Example: Equilateral triangle [ edit | edit source ]
Torsion of a cylinder with a triangular cross section

The equations of the three sides are

${\begin{aligned}{\text{side}}~\partial S^{(1)}~:~~&f_{1}(x_{1},x_{2})=x_{1}-{\sqrt {3}}x_{2}+2a=0\\{\text{side}}~\partial S^{(2)}~:~~&f_{2}(x_{1},x_{2})=x_{1}+{\sqrt {3}}x_{2}+2a=0\\{\text{side}}~\partial S^{(3)}~:~~&f_{3}(x_{1},x_{2})=x_{1}-a=0\end{aligned}}$
Let the Prandtl stress function be

$\phi =Cf_{1}f_{2}f_{3}\,$
Clearly, $\phi =0\,$ at the boundary of the cross-section (which is what we need for solid cross sections).

Since, the traction-free boundary conditions are satisfied by $\phi \,$ , all we have to do is satisfy the compatibility condition to get the value of $C\,$ . If we can get a closed for solution for $C\,$ , then the stresses derived from $\phi \,$ will satisfy equilibrium.

Expanding $\phi \,$ out,

$\phi =C(x_{1}-{\sqrt {3}}x_{2}+2a)(x_{1}+{\sqrt {3}}x_{2}+2a)(x_{1}-a)$
Plugging into the compatibility condition

$\nabla ^{2}{\phi }=12Ca=-2\mu \alpha$
Therefore,

$C=-{\frac {\mu \alpha }{6a}}$
and the Prandtl stress function can be written as

$\phi =-{\frac {\mu \alpha }{6a}}(x_{1}^{3}+3ax_{1}^{2}+3ax_{2}^{2}-3x_{1}x_{2}^{2}-4a^{3})$
The torque is given by

$T=2\int _{S}\phi dA=2\int _{-2a}^{a}\int _{-(x_{1}+2a)/{\sqrt {3}}}^{(x_{1}+2a)/{\sqrt {3}}}\phi dx_{2}dx_{1}={\frac {27}{5{\sqrt {3}}}}\mu \alpha a^{4}$
Therefore, the torsion constant is

${\tilde {J}}={\frac {27a^{4}}{5{\sqrt {3}}}}$
The non-zero components of stress are

${\begin{aligned}\sigma _{13}=\phi _{,2}&={\frac {\mu \alpha }{a}}(x_{1}-a)x_{2}\\\sigma _{23}=-\phi _{,1}&={\frac {\mu \alpha }{2a}}(x_{1}^{2}+2ax_{1}-x_{2}^{2})\end{aligned}}$
The projected shear stress

$\tau ={\sqrt {\sigma _{13}^{2}+\sigma _{23}^{2}}}$
is plotted below

Stresses in a cylinder with a triangular cross section under torsion

The maximum value occurs at the middle of the sides.

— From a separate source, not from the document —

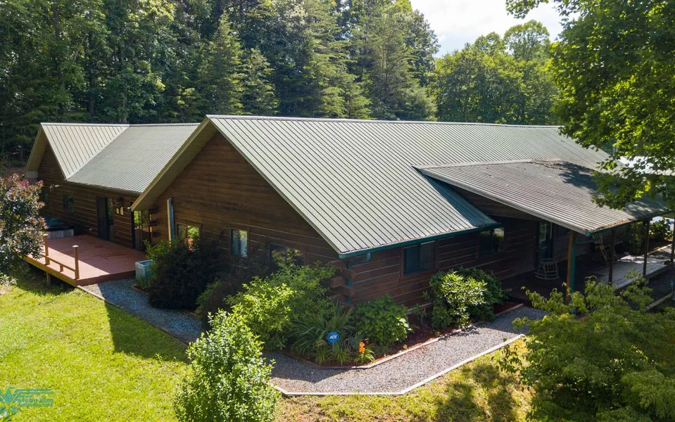 EASY ACCESS ONE LEVEL SPACIOUS CABIN ON 8 ACRES IN THE MOUNTAINS OF NORTH CAROLINA. This large 4 bedroom, 3 bathroom home offers an enormous great room with cathedral ceiling, a custom bar area with a sink, refrigerator & wine cooler, gas fireplace and access to an open deck and courtyard, a beautiful blend of wood and drywall, HUGE master suite with its own side office, fireplace and large walk-in tiled shower, jetted tub, double vanity and water closet w/bidet, dining area with a fireplace, kitchen with stainless appliances, oversized 2 car garage, laundry room, PLUS 8 pastoral & wooded acres and a pond, Just minutes from downtown Hayesville with it's quaint Courthouse square with shops and unique restaurants.

For example,
at $(a,0)$ ,

$\tau _{\text{max}}={\frac {3\mu \alpha a}{2}}$
The out-of-plane displacements can be obtained by solving for the
warping function $\psi$ . For the equilateral triangle, after some
algebra, we get

$u_{3}={\frac {\alpha x_{2}}{6a}}(3x_{1}^{2}-x_{2}^{2})$
The displacement field is plotted below

Displacements

$u_{3}\,$ in a cylinder with a triangular cross section.